Another RTA I picked up in Stuttgart... Portuguese Maker. Precision Devices - One RTA. I had never heard of the company or the tank but it looked interesting... I didn't expect much and didn't take any pics while I was building it and it was a really simple build and wicking and I was up and running in no time at all.

Right away I was impressed with the air flow and the flavour of the One RTA. It has three different airflow holes and it's a wide open airflow to a restricted DL. Also nice and quiet.

This tank is in the top 5 right away... more on it after I have used it for a while.

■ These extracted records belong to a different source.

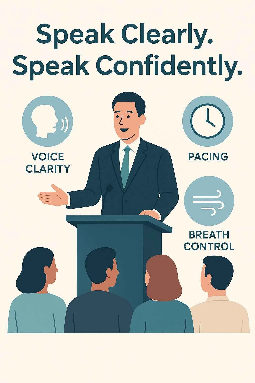 Clients learn how to speak with clarity, project their voice, and practice techniques that improve both everyday conversation and professional communication.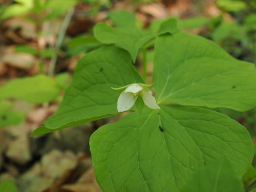 湿った林内に自生する。3方に広がった葉のうえに白く良く目立つ花をつけます。観察すると花びらの縁が丸いタイプととがるタイプがあるようですね。(写真:国内)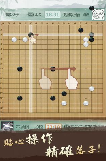 該游戲中,不管你是想人人對戰(zhàn),還是想人機(jī)對戰(zhàn),都可以實(shí)現(xiàn),就看你喜歡怎么玩。游戲棋盤美觀大氣,再配上如山泉水緩緩流淌叮咚作響的美妙配樂,大家的視聽體驗(yàn)絕對不錯。在游戲里下棋,落錯了棋子是可以反悔的,這能讓大家持久立于不敗之地,令大家的信心大漲。游戲操作容易,一只手指頭點(diǎn)擊棋盤交叉處,就能落下一子,誰都可以秒上手。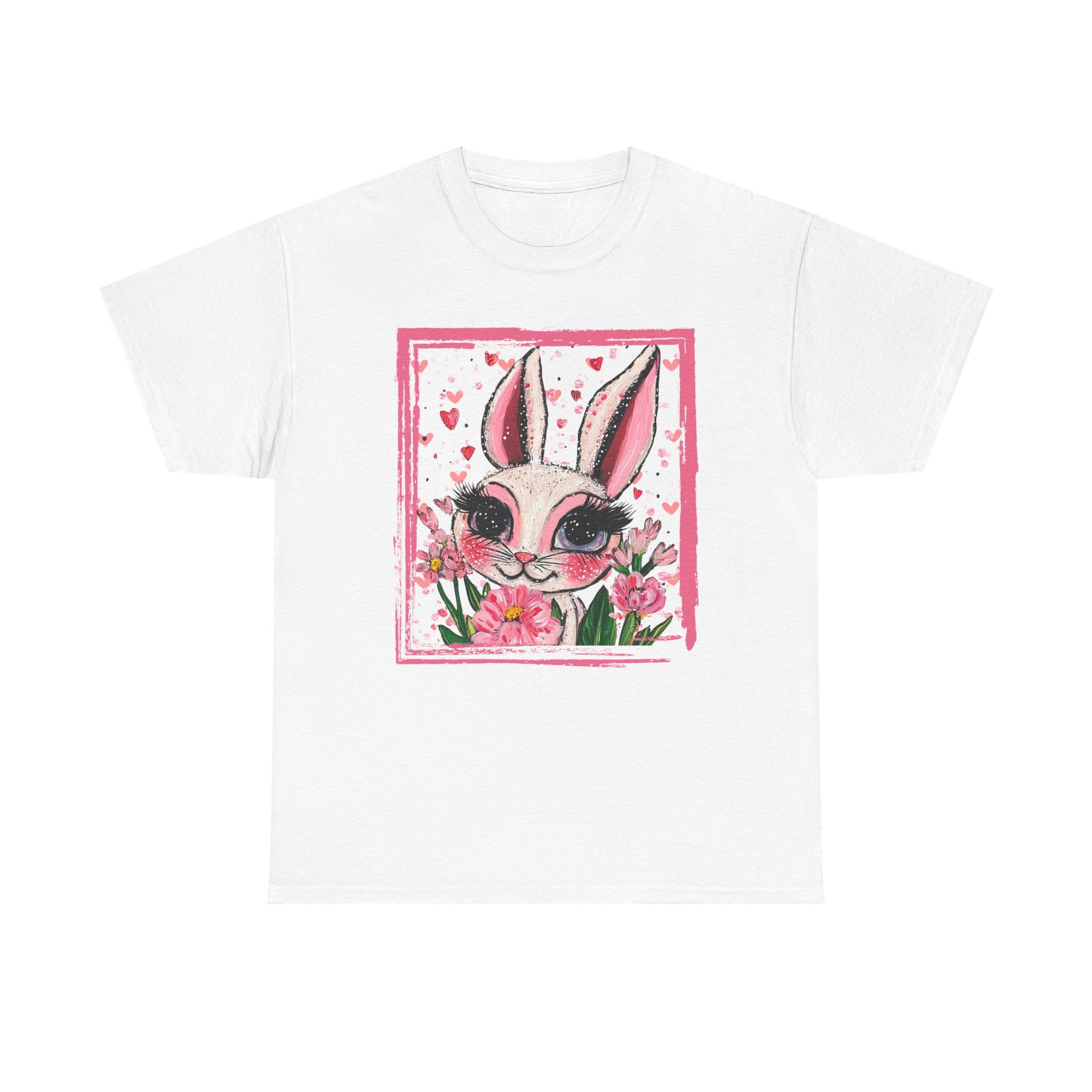 Easter Bunny Unisex Tee with Tulips and Flowers

Reactions: Like 3 | Winner 3


----------



## Silver (31/5/18)

Looks great Rob!

Reactions: Like 1


----------



## Viper_SA (31/5/18)

That mod!

Reactions: Agree 2


----------



## Rob Fisher (31/5/18)

Finally found a review for the One RTA... I needed a review to work out what the juice flow story was! The review is spot on... outstanding flavour... but no way to shut off juice flow and leaking on refill! Fail.

Reactions: Informative 1


----------



## Rob Fisher (31/5/18)

Despite the crap with the leak on refill I find myself using the tank because the airflow and flavour are so good!

Reactions: Like 2


----------



## Silver (1/6/18)

Rob Fisher said:


> Finally found a review for the One RTA... I needed a review to work out what the juice flow story was! The review is spot on... outstanding flavour... but no way to shut off juice flow and leaking on refill! Fail.




Love the summary Rob - so I dont need to watch the video

Reactions: Like 1 | Agree 1


----------